The listing below must be returned in full and unchanged, without the images it carries.
Source data: Begin
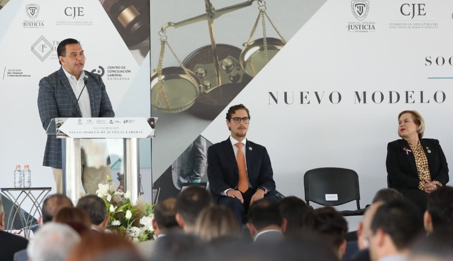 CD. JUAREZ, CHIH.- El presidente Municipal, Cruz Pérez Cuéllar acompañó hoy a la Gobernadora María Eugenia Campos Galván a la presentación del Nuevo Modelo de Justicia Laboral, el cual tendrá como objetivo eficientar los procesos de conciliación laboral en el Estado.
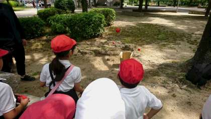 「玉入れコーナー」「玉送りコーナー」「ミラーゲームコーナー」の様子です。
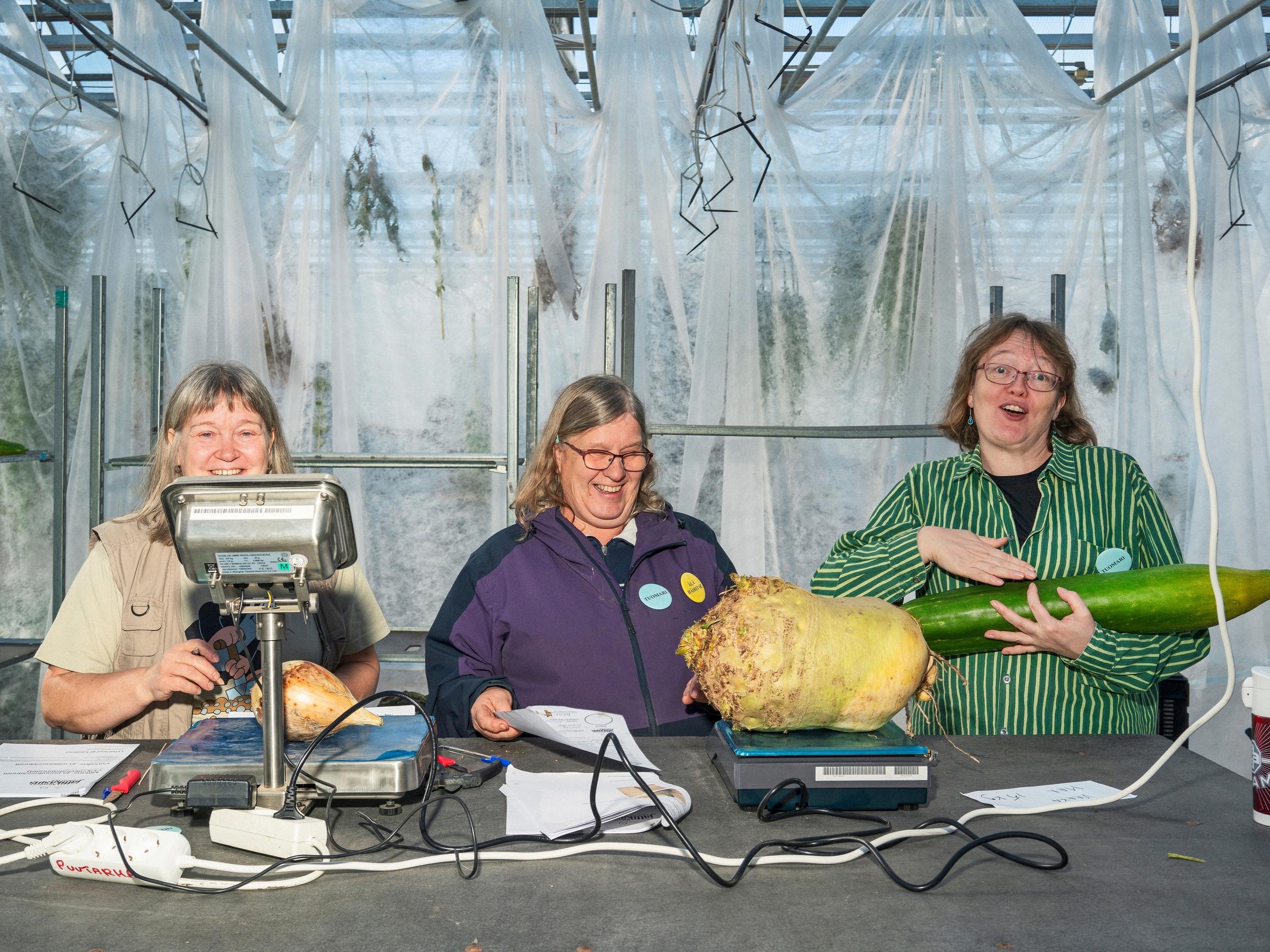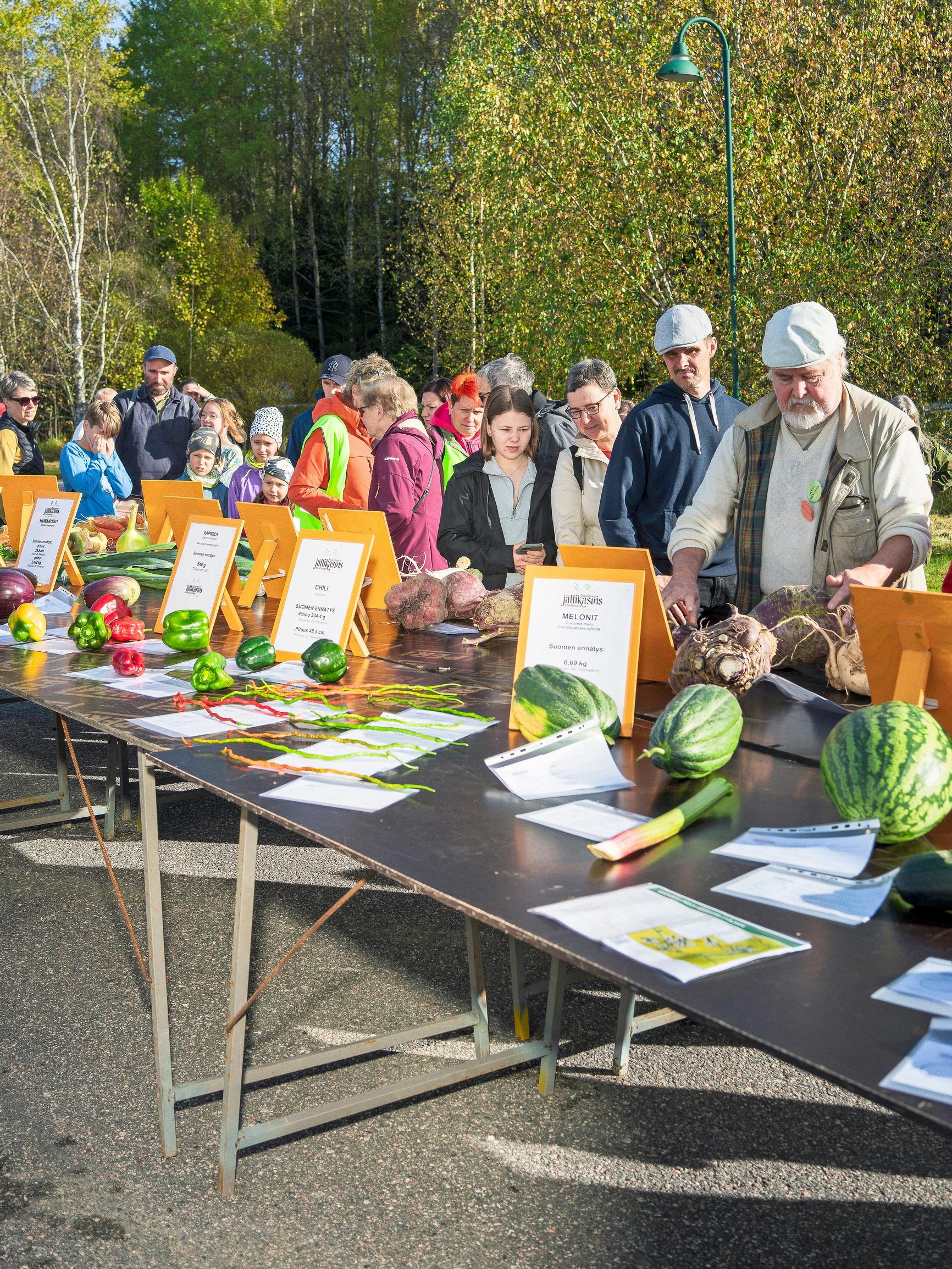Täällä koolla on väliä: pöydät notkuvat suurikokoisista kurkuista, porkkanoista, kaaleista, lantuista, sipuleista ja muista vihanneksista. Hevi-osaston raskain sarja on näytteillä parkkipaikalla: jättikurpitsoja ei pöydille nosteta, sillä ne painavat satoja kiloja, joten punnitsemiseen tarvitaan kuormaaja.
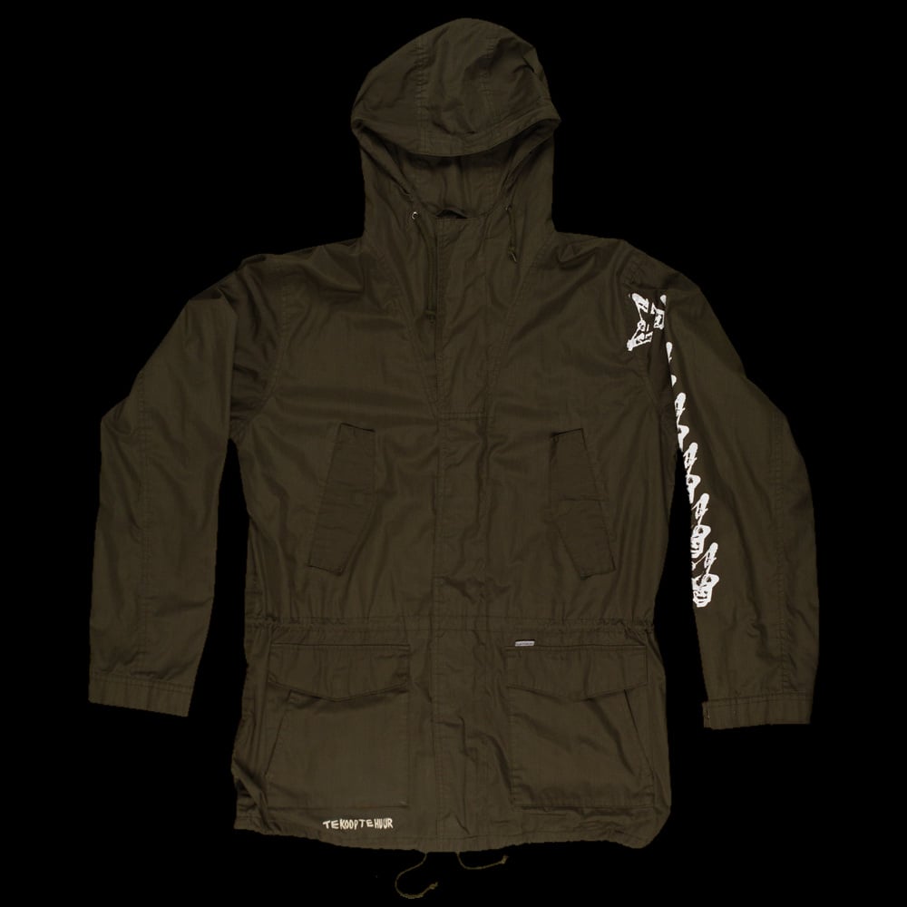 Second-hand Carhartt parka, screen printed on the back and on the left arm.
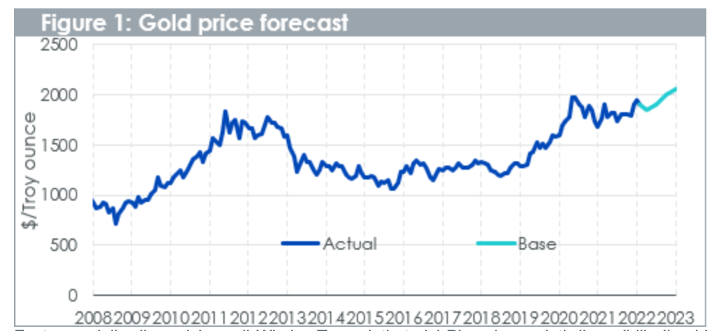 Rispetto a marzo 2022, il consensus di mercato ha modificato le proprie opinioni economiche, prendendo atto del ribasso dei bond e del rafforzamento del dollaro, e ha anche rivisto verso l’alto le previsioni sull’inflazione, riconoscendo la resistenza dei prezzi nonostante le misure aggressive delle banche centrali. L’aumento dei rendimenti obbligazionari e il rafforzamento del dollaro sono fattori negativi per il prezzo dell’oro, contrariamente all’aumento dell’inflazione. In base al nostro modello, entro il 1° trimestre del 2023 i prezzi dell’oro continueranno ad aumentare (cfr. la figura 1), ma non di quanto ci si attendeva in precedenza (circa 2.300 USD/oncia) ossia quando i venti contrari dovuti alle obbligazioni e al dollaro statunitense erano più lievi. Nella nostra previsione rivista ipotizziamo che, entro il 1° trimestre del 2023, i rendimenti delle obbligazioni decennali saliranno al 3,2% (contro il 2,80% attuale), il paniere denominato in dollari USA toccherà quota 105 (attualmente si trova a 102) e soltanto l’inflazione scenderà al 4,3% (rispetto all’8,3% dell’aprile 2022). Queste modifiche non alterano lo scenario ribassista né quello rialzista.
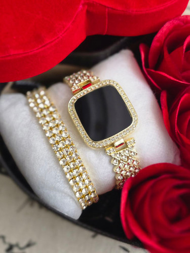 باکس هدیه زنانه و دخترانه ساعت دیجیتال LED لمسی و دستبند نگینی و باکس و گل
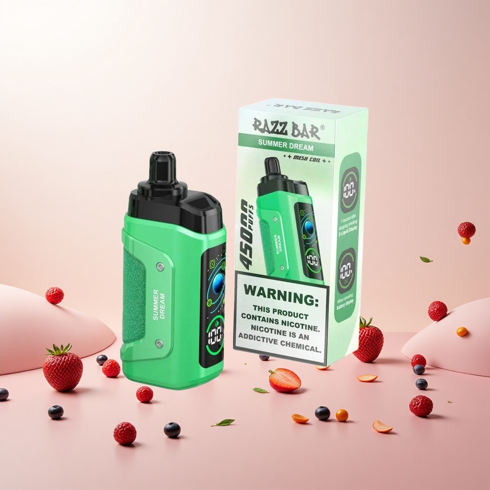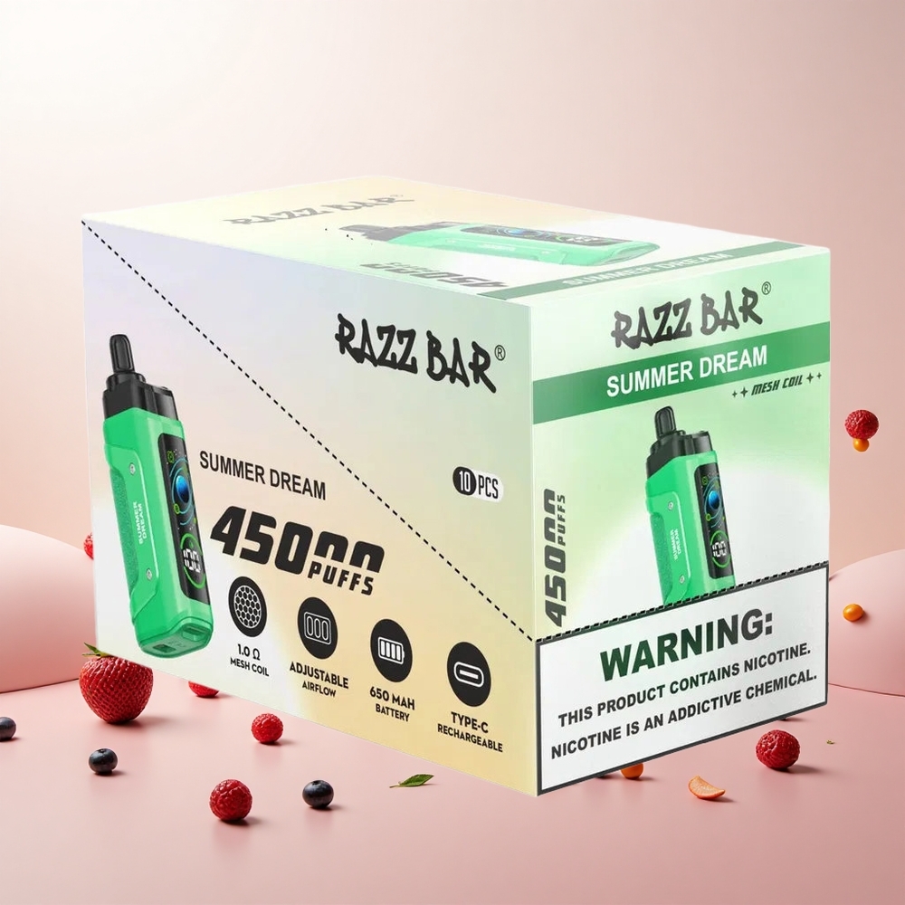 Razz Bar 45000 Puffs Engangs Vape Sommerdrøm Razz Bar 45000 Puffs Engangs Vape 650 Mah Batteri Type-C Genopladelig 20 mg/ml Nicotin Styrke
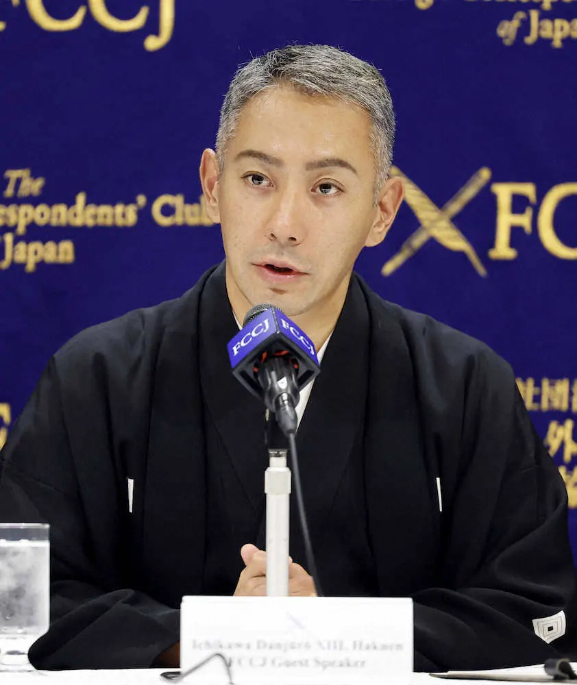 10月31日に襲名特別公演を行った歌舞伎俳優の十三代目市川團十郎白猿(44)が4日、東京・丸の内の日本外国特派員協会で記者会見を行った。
Source data: End
#### Your solution:
 CD. JUAREZ, CHIH.- El presidente Municipal, Cruz Pérez Cuéllar acompañó hoy a la Gobernadora María Eugenia Campos Galván a la presentación del Nuevo Modelo de Justicia Laboral, el cual tendrá como objetivo eficientar los procesos de conciliación laboral en el Estado.
 「玉入れコーナー」「玉送りコーナー」「ミラーゲームコーナー」の様子です。
Täällä koolla on väliä: pöydät notkuvat suurikokoisista kurkuista, porkkanoista, kaaleista, lantuista, sipuleista ja muista vihanneksista. Hevi-osaston raskain sarja on näytteillä parkkipaikalla: jättikurpitsoja ei pöydille nosteta, sillä ne painavat satoja kiloja, joten punnitsemiseen tarvitaan kuormaaja.
 Second-hand Carhartt parka, screen printed on the back and on the left arm.
 Rispetto a marzo 2022, il consensus di mercato ha modificato le proprie opinioni economiche, prendendo atto del ribasso dei bond e del rafforzamento del dollaro, e ha anche rivisto verso l’alto le previsioni sull’inflazione, riconoscendo la resistenza dei prezzi nonostante le misure aggressive delle banche centrali. L’aumento dei rendimenti obbligazionari e il rafforzamento del dollaro sono fattori negativi per il prezzo dell’oro, contrariamente all’aumento dell’inflazione. In base al nostro modello, entro il 1° trimestre del 2023 i prezzi dell’oro continueranno ad aumentare (cfr. la figura 1), ma non di quanto ci si attendeva in precedenza (circa 2.300 USD/oncia) ossia quando i venti contrari dovuti alle obbligazioni e al dollaro statunitense erano più lievi. Nella nostra previsione rivista ipotizziamo che, entro il 1° trimestre del 2023, i rendimenti delle obbligazioni decennali saliranno al 3,2% (contro il 2,80% attuale), il paniere denominato in dollari USA toccherà quota 105 (attualmente si trova a 102) e soltanto l’inflazione scenderà al 4,3% (rispetto all’8,3% dell’aprile 2022). Queste modifiche non alterano lo scenario ribassista né quello rialzista.
 باکس هدیه زنانه و دخترانه ساعت دیجیتال LED لمسی و دستبند نگینی و باکس و گل
 Razz Bar 45000 Puffs Engangs Vape Sommerdrøm Razz Bar 45000 Puffs Engangs Vape 650 Mah Batteri Type-C Genopladelig 20 mg/ml Nicotin Styrke
 10月31日に襲名特別公演を行った歌舞伎俳優の十三代目市川團十郎白猿(44)が4日、東京・丸の内の日本外国特派員協会で記者会見を行った。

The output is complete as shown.